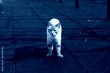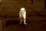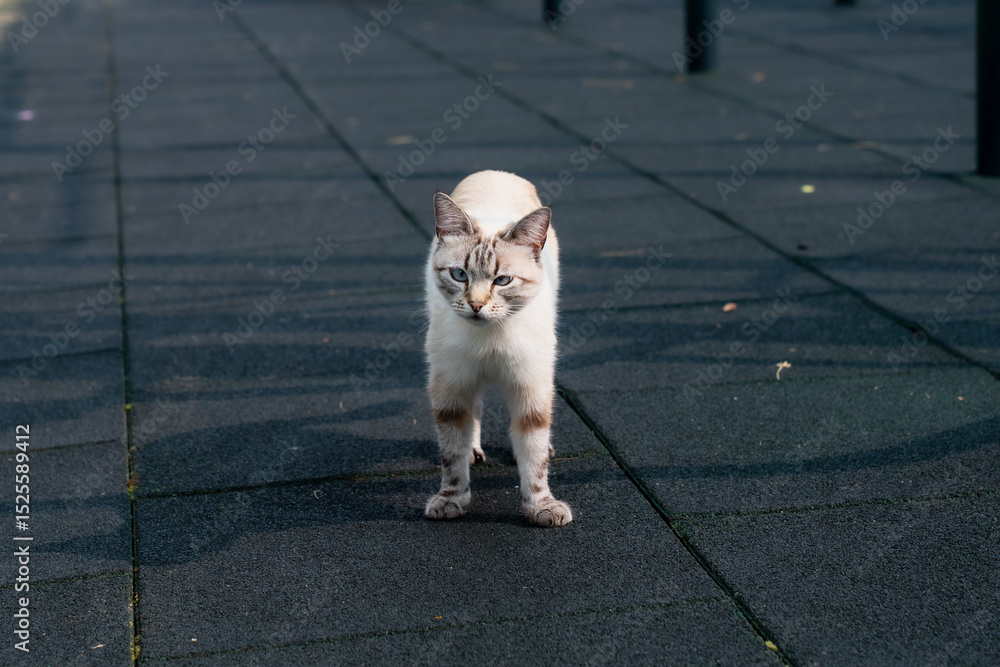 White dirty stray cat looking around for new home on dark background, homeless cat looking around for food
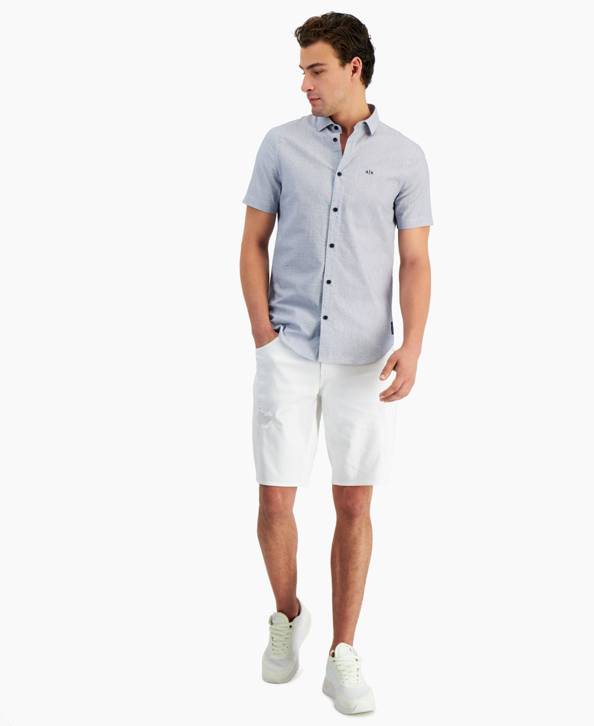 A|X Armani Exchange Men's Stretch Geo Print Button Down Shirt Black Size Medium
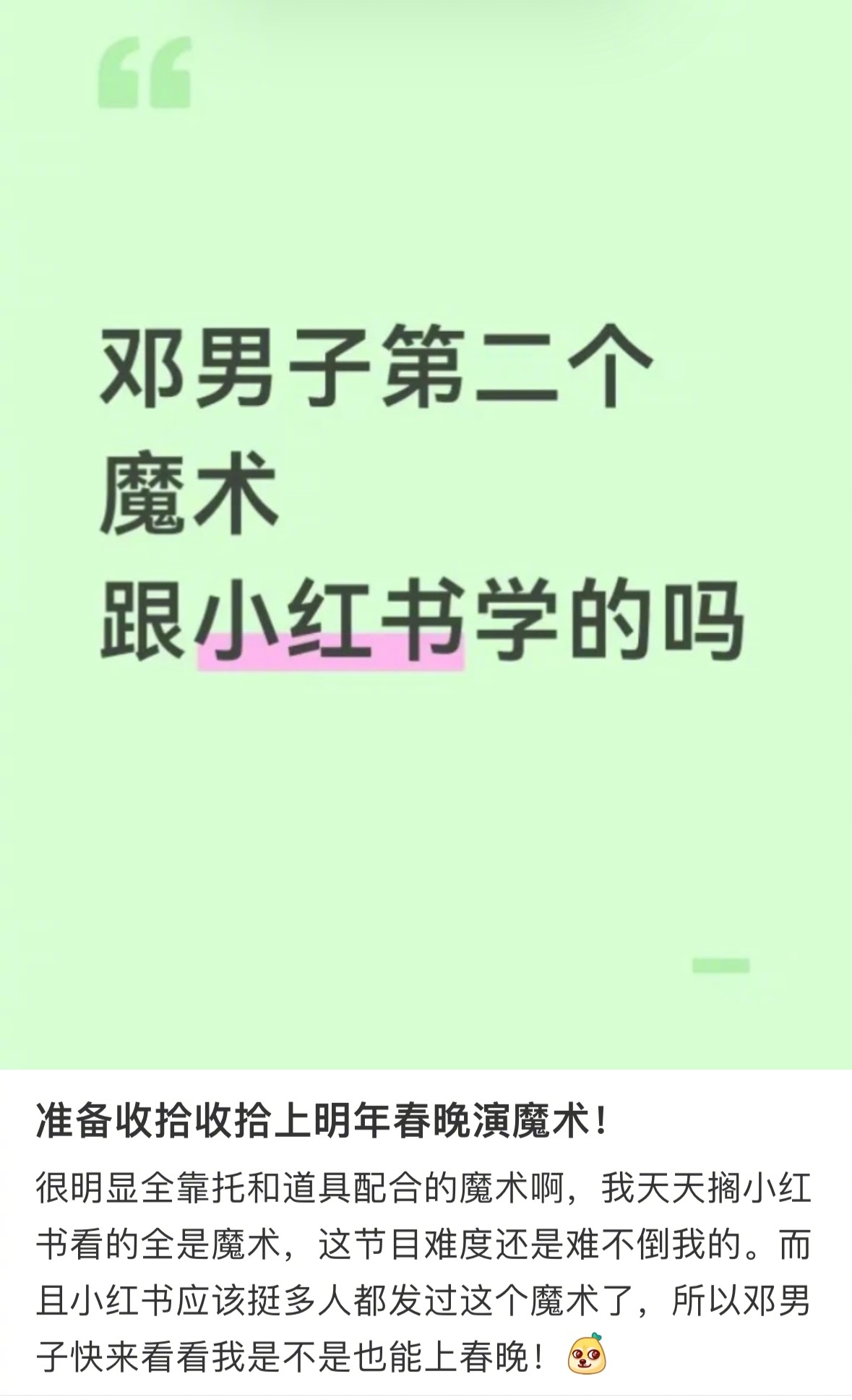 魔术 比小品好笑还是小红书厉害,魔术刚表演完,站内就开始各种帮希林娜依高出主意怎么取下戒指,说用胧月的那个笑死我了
...
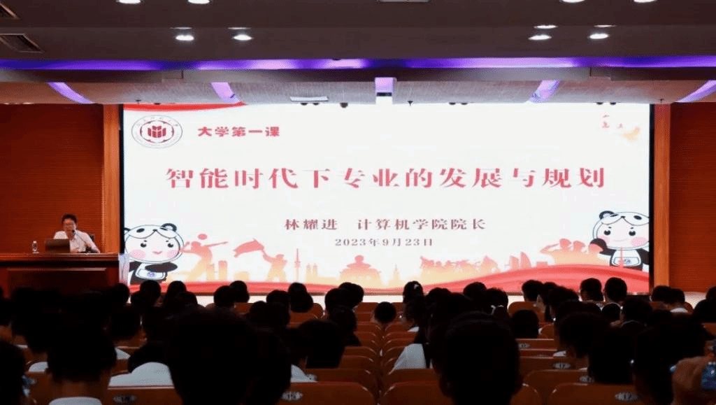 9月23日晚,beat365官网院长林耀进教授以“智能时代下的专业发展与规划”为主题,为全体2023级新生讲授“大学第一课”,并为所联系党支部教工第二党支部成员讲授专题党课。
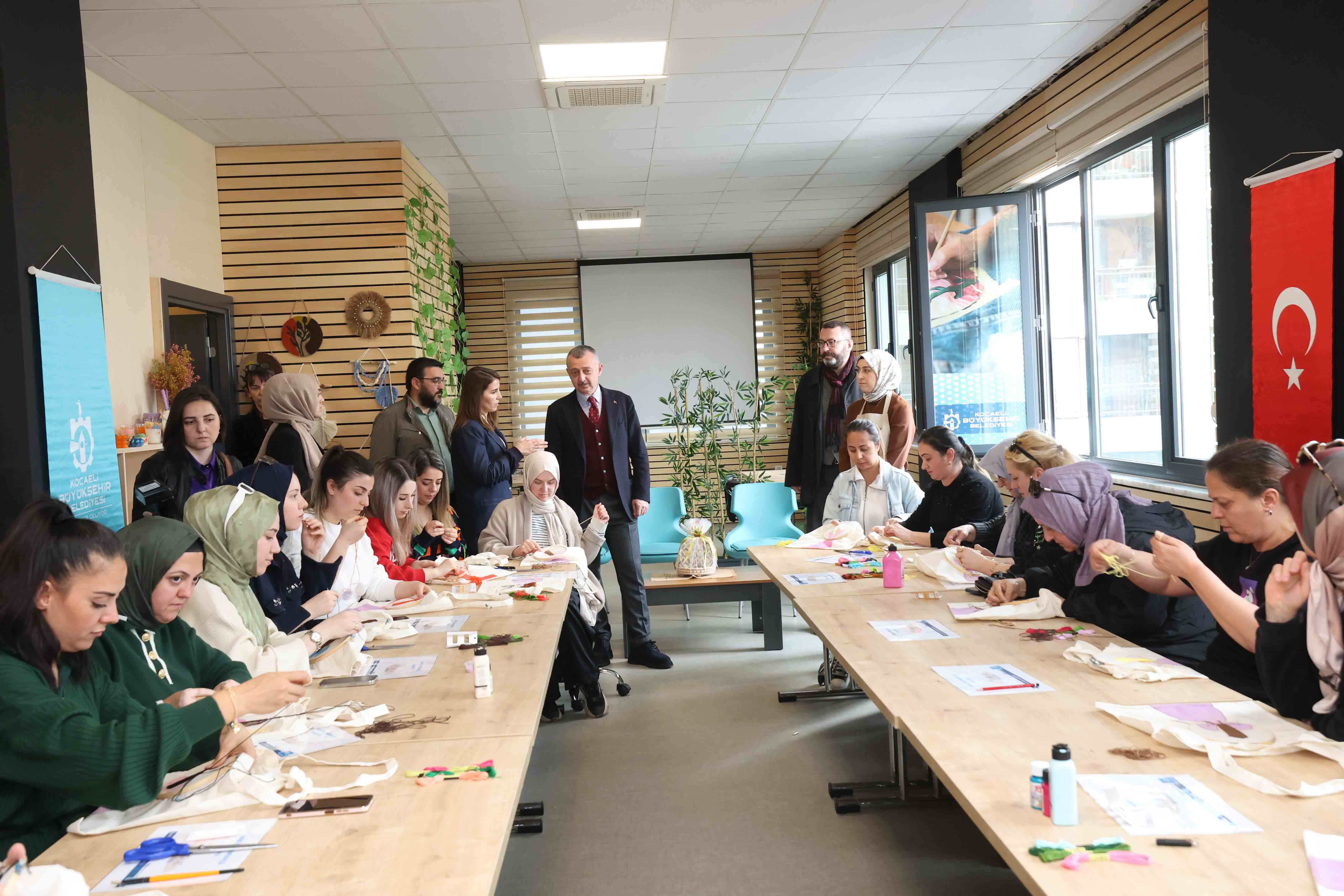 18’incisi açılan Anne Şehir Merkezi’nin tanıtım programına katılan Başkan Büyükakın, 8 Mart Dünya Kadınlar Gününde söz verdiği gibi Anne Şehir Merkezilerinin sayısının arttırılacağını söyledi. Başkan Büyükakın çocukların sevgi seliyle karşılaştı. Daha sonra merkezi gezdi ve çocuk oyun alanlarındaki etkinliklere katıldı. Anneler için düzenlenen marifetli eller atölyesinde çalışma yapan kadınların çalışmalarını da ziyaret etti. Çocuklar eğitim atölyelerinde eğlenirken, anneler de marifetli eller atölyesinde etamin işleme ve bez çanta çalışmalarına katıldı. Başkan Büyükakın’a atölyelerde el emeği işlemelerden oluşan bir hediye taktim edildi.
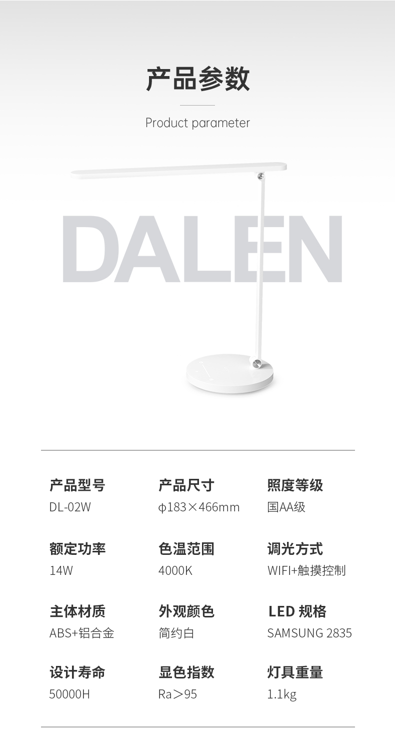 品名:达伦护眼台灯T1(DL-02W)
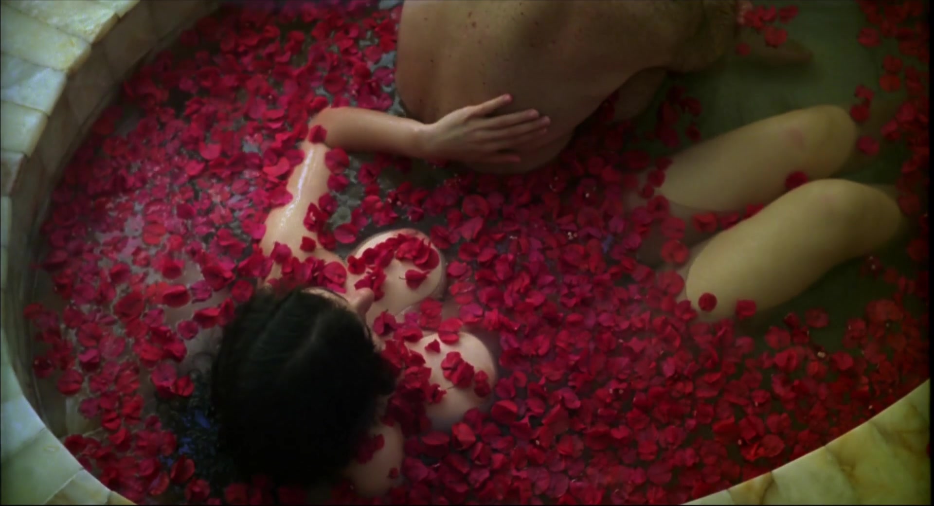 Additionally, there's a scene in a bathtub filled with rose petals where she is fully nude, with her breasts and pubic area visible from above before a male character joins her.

◆ **Directions for this task**:
Of all the material above, only the lines from the one that has "A|X Armani Exchange" down to the one that has "魔术 比小品好笑还是小红书厉" are to be written out, exactly and with both ends included. Pictures are skipped.

◆ **Result for this exercise**:
 A|X Armani Exchange Men's Stretch Geo Print Button Down Shirt Black Size Medium
 魔术 比小品好笑还是小红书厉害,魔术刚表演完,站内就开始各种帮希林娜依高出主意怎么取下戒指,说用胧月的那个笑死我了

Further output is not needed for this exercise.